Received: 18-Sep-2018 Published: 24-Oct-2018
Background: High mobility group box 1 (HMGB1) is a pro-inflammatory cytokine that acts as a final -phase endotoxin mediator. HMGB1 also increases the expression of tissue factors in human peripheral blood monocytes, and induces DIC. We investigated HMGB1 values when polymyxin-B immobilized fiber-direct hemoperfusion (PMXDHP) was performed for the treatment of septic DIC patients with endotoxemia.
Methods: Serum high mobility group box 1 (HMGB1) levels were examined in 16 patients with septic disseminated intravascular coagulation (DIC) undergoing polymyxin-B-immobilized fiber-direct hemoperfusion (PMXDHP), whose serum endotoxin levels were ≥ 1.1 pg/mL and who exhibited shock symptoms.
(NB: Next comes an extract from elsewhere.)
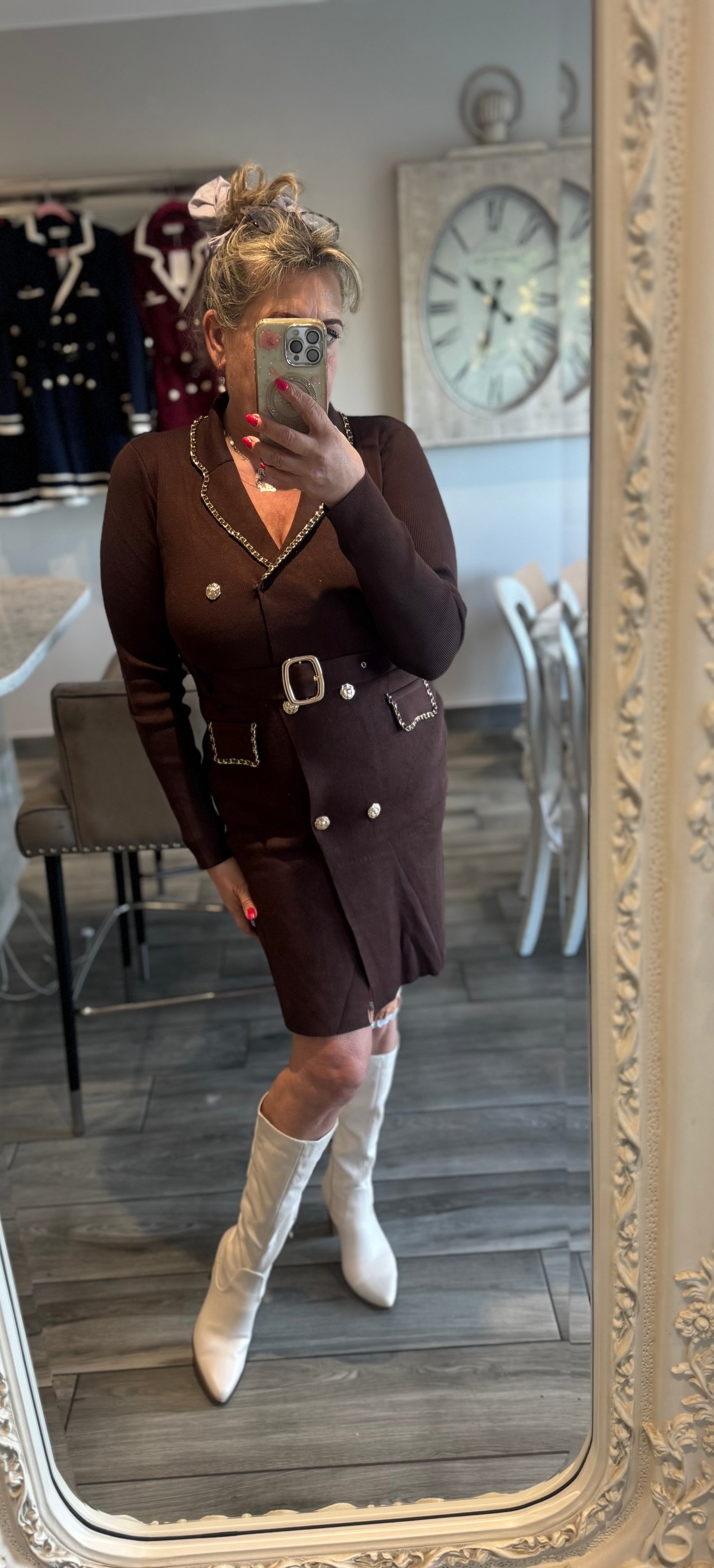 Ella smart short dress gold chanelesque chain detail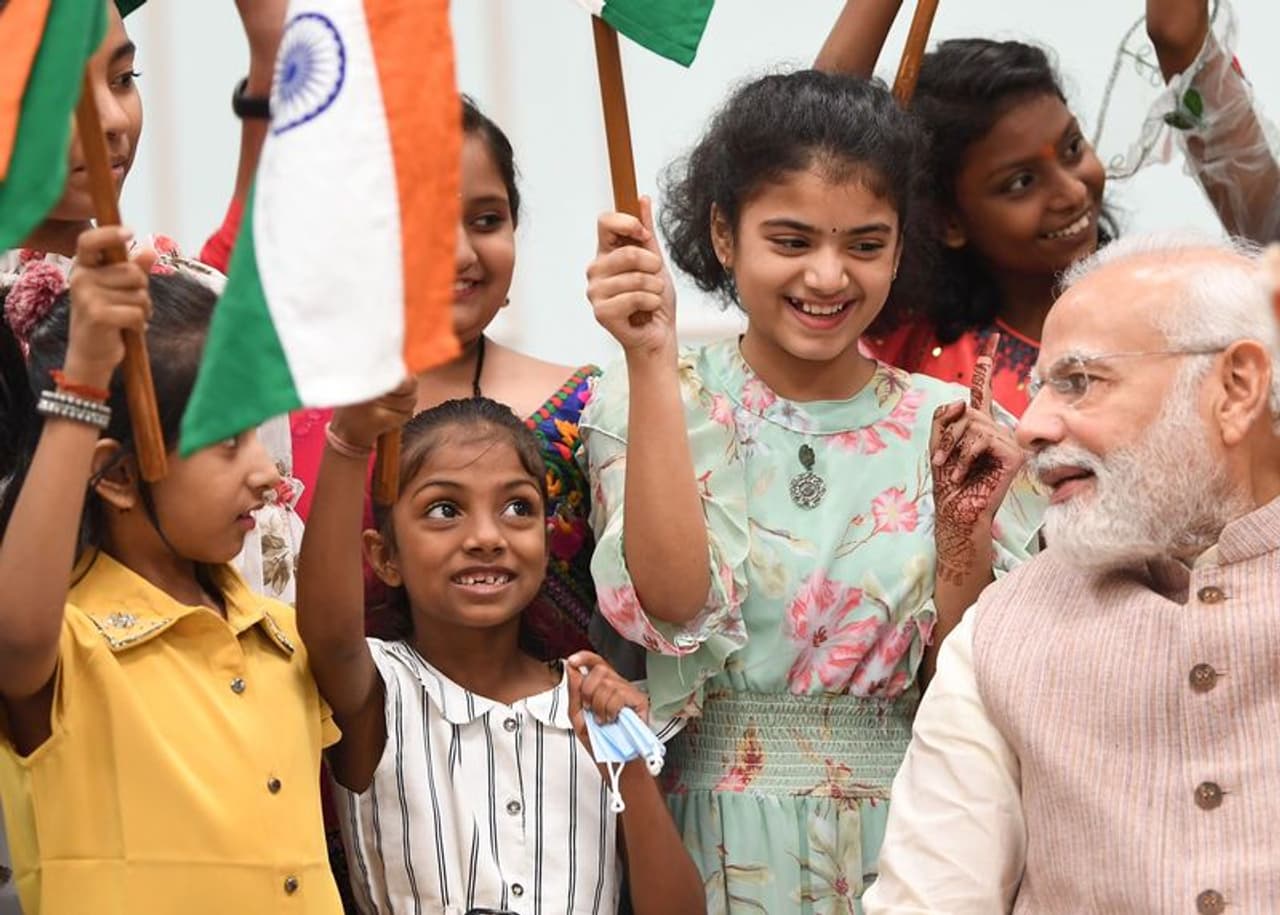 ಅಜಾದಿಕಾ ಅಮೃತ ಮಹೋತ್ಸವ, ಮಕ್ಕಳ ಜೊತೆ ತಿರಂಗ ಹಾರಿಸಿದ ಪ್ರಧಾನಿ ಮೋದಿ!

Results: Average acute physiology and chronic health evaluation (APACHE II) score was 32.2, average sequential organ failure assessment (SOFA) score 12.4, and average DIC score 5.5. Following PMX-DHP, the serum endotoxin level decreased below the limit of detection in all the patients. The serum HMGB1 level significantly decreased and the DIC score improved on days 1 and 2 after PMX-DHP (P<0.05). There was a significant correlation between HMGB1 values and DIC score (P<0.05).
Conclusions: PMX-DHP was effective therapy for septic DIC and HMGB1 was a useful index for this clinical condition.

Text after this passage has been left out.